GitHub repositories offer an Export SBOM feature under Insights > Dependency Graph:

GitHub Export SBOM

Clicking Export SBOM produces an SPDX JSON document that lists all detected dependencies, including packages from the main project and associated test projects. This approach is simple and direct but may include more dependencies than required depending on regulatory or operational needs.

Example excerpt from SPDX SBOM export:

{
  "spdxVersion": "SPDX-2.3",
  "dataLicense": "CC0-1.0",
  ...
  "packages": [
    {"name": "Nuke.Common", "versionInfo": "8.1.0", ...},
    {"name": "StyleCop.Analyzers", "versionInfo": "1.2.0-beta.556", ...},
    {"name": "xunit", "versionInfo": "2.4.2", ...}
  ]
}

Observations

  • SPDX includes extensive metadata per package.
  • The export includes all dependency types (including test and support packages).
  • Users should verify whether non-production dependencies are appropriate for their SBOM use cases.

2. Microsoft’s Open Source sbom-tool

Microsoft’s sbom-tool generates SPDX 2.2 SBOMs and integrates with build pipelines or runs locally as a .NET global tool.

Key Features

Installation and Usage

# Install as a .NET global tool

 dotnet tool install --global Microsoft.Sbom.DotNetTool

# Run after building your packages

 sbom-tool generate \
   -b ./artifacts/packages \
   -bc ./src/ \
   -pn NetEscapades.AspNetCore.SecurityHeaders \
   -pv 1.0.0-preview.03 \
   -ps "Andrew Lock" \
   -pm
  • -b: Path to built artifacts
  • -bc: Path to associated source code
  • -pn, -pv, -ps: Package name, version, supplier
  • -pm: Parse package metadata for license info

The resulting SBOM (manifest.spdx.json) is stored in a subfolder of the build output path.

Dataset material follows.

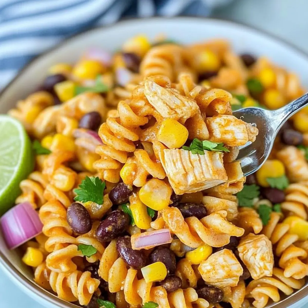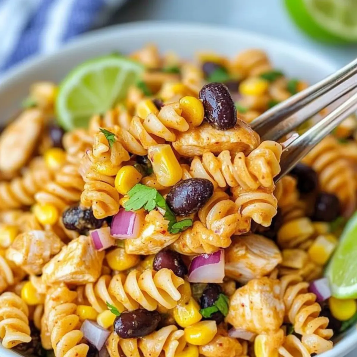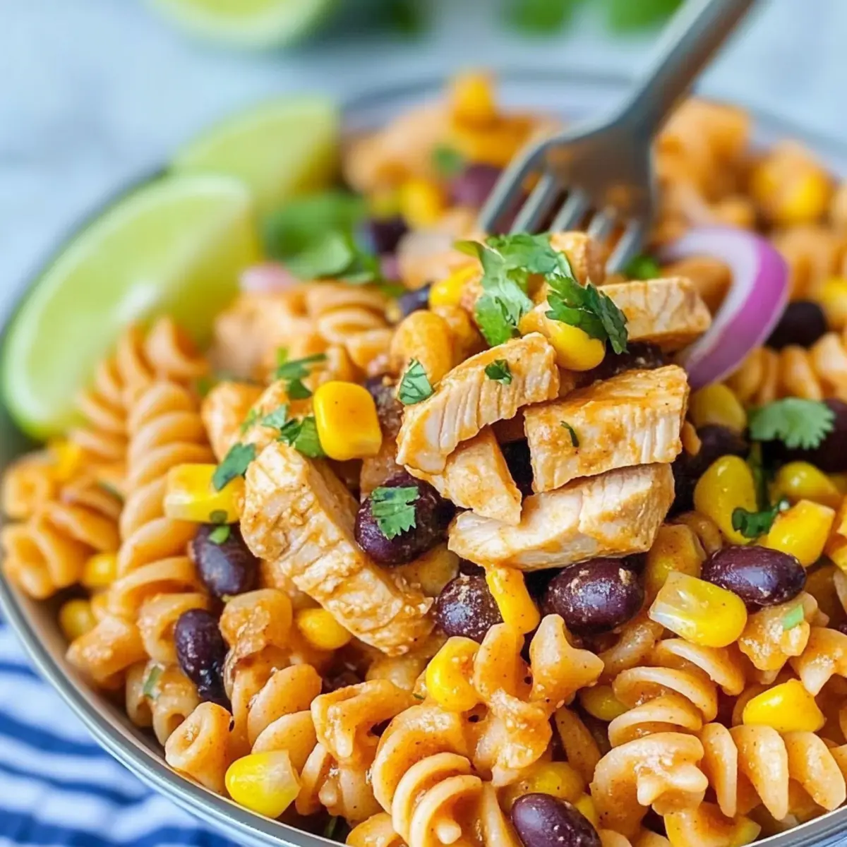 As I stood in my kitchen, the zest of lime wafting through the air, I couldn’t help but feel excited about the vibrant Zesty Chicken Enchilada Pasta Salad I was whipping up. This dish is a delightful fusion, marrying the hearty essence of enchiladas with the refreshing qualities of pasta salad, making it a hit for summer gatherings and family dinners alike. Not only is it incredibly quick to prepare, but it’s also infinitely customizable—perfect for accommodating different taste preferences. With creamy dressing and a tangy kick from the lime, this salad is sure to become a weeknight favorite. Whether you’re looking to impress at a potluck or simply want a satisfying meal prepped for the week ahead, you’ll find this recipe a total game-changer. Curious about the best ways to make it your own? Let’s dive into the recipe! Why You’ll Love This Zesty Salad Customizable Delight: This Zesty Chicken Enchilada Pasta Salad can easily be tailored to your liking. Swap chicken for grilled shrimp or tofu to mix things up, or play with your choice of pasta! Family-Friendly Fun: Perfect for kids and adults alike, this dish encourages everyone to dig in, especially when they help with the prep. Quick Prep Time: Ready in under 30 minutes, it’s ideal for busy weeknights or last-minute get-togethers. Meal Prep Hero: Pack it for lunches or make it ahead for dinner; it stays fresh in the fridge for days. Pair it with Grilled Chicken Broccoli for a delicious week of meals! Flavor Explosion: Experience a satisfying blend of creamy dressing and zesty lime that delivers a refreshing punch with every bite. Zesty Chicken Enchilada Pasta Salad Ingredients For the Salad Chicken Breasts – Main protein source; ensure cooked to 165°F for safety. Pasta (16 oz) – Base of the salad; rotini or elbow noodles work wonderfully. Black Beans – Adds fiber and texture; use canned, drained, and rinsed. Yellow Corn – Sweetness and crunch; canned or frozen works great. Red Onion – For a crunchy bite; substitute with green onions for a milder flavor. Jalapeño – Adds heat; feel free to omit for a milder version or amp it up for spice lovers. Chopped Olives (optional) – Provides a briny flavor; leave out if not preferred. Cilantro – Fresh garnish that brightens the dish; parsley can be used if you prefer. For the Dressing Red Enchilada Sauce – The flavorful base; homemade or store-bought is perfect. Sour Cream – Creamy addition; Greek yogurt works for a healthier twist. Taco Seasoning – Adds spice and complexity; consider a homemade blend for customization. Lime Juice – Brings brightness and zing; adjust to taste for personal preference. Cooking Oil (Olive Oil) – For sautéing chicken; any neutral oil can be used instead. This Zesty Chicken Enchilada Pasta Salad is not just a meal; it’s a delightful blend of flavors ready to cater to your cravings! Step‑by‑Step Instructions for Zesty Chicken Enchilada Pasta Salad Step 1: Prepare the Chicken Start by patting dry 1 pound of chicken breasts with paper towels to remove excess moisture. Coat the chicken evenly with taco seasoning, ensuring full coverage for maximum flavor. In a large skillet over medium-high heat, add 2 tablespoons of olive oil. Once the oil shimmers, place the chicken in the skillet and cook for about 5-7 minutes on each side or until it reaches an internal temperature of 165°F. Step 2: Chop the Cooked Chicken Once the chicken is fully cooked, remove it from the skillet and place it on a cutting board. Allow it to cool for a few minutes until safe to handle. Using a sharp knife, chop the chicken into bite-sized cubes, ensuring an even texture throughout the Zesty Chicken Enchilada Pasta Salad. Set the cubed chicken aside for the next step. Step 3: Whisk the Dressing Ingredients In a large mixing bowl, combine 1 cup of red enchilada sauce, ½ cup of sour cream, and the juice of 1 lime. Whisk these ingredients together until the mixture is smooth and creamy. Taste the dressing and adjust the lime juice according to your preference, adding more for a zippier kick. This flavorful dressing will provide the perfect base for your salad. Step 4: Cook the Pasta In a large pot, bring salted water to a boil. Add 16 oz of your preferred pasta, such as rotini or elbow noodles, and cook according to the package instructions until al dente, usually about 8-10 minutes. Once cooked, drain the pasta in a colander and rinse under cold water to stop further cooking. This step helps keep the pasta from getting mushy in your Zesty Chicken Enchilada Pasta Salad. Step 5: Combine All Ingredients In the bowl with the dressing, add the chopped chicken, the cooked pasta, 1 can of drained and rinsed black beans, and 1 cup of sweet yellow corn. Dice half of a red onion and the desired amount of jalapeño (remember to adjust based on spice preference), then toss them in as well. If you opt for chopped olives, include them here too, and gently mix until everything is evenly coated in the tangy enchilada dressing. Step 6: Chill Before Serving Transfer the mixed salad into an airtight container or cover the mixing bowl with plastic wrap. Refrigerate for at least one hour to allow the flavors to meld together beautifully. This chilling period not only enhances the taste of your Zesty Chicken Enchilada Pasta Salad but also improves its refreshing quality, making it perfect for serving on a hot day. Step 7: Garnish and Enjoy Before serving, chop a handful of fresh cilantro and sprinkle it over the top of the salad for a burst of freshness. Toss gently to incorporate, if desired. Serve the Zesty Chicken Enchilada Pasta Salad chilled, making it an ideal dish for family gatherings, potlucks, or as a delightful lunch option! How to Store and Freeze Zesty Chicken Enchilada Pasta Salad Fridge: Store in an airtight container for up to 3-5 days. This way, your Zesty Chicken Enchilada Pasta Salad stays fresh and flavorful for quick lunches and dinners. Freezer: While

The tool targets applications primarily, and some preference is given to SBOMs for entire build drops.

Observations

  • Effective, especially for applications
  • May require separate folders for each package
  • Possible lack of clarity over inclusion of development dependencies

3. GitHub Action anchore/sbom-action (Syft)

anchore/sbom-action leverages the Syft SBOM tool within GitHub Actions.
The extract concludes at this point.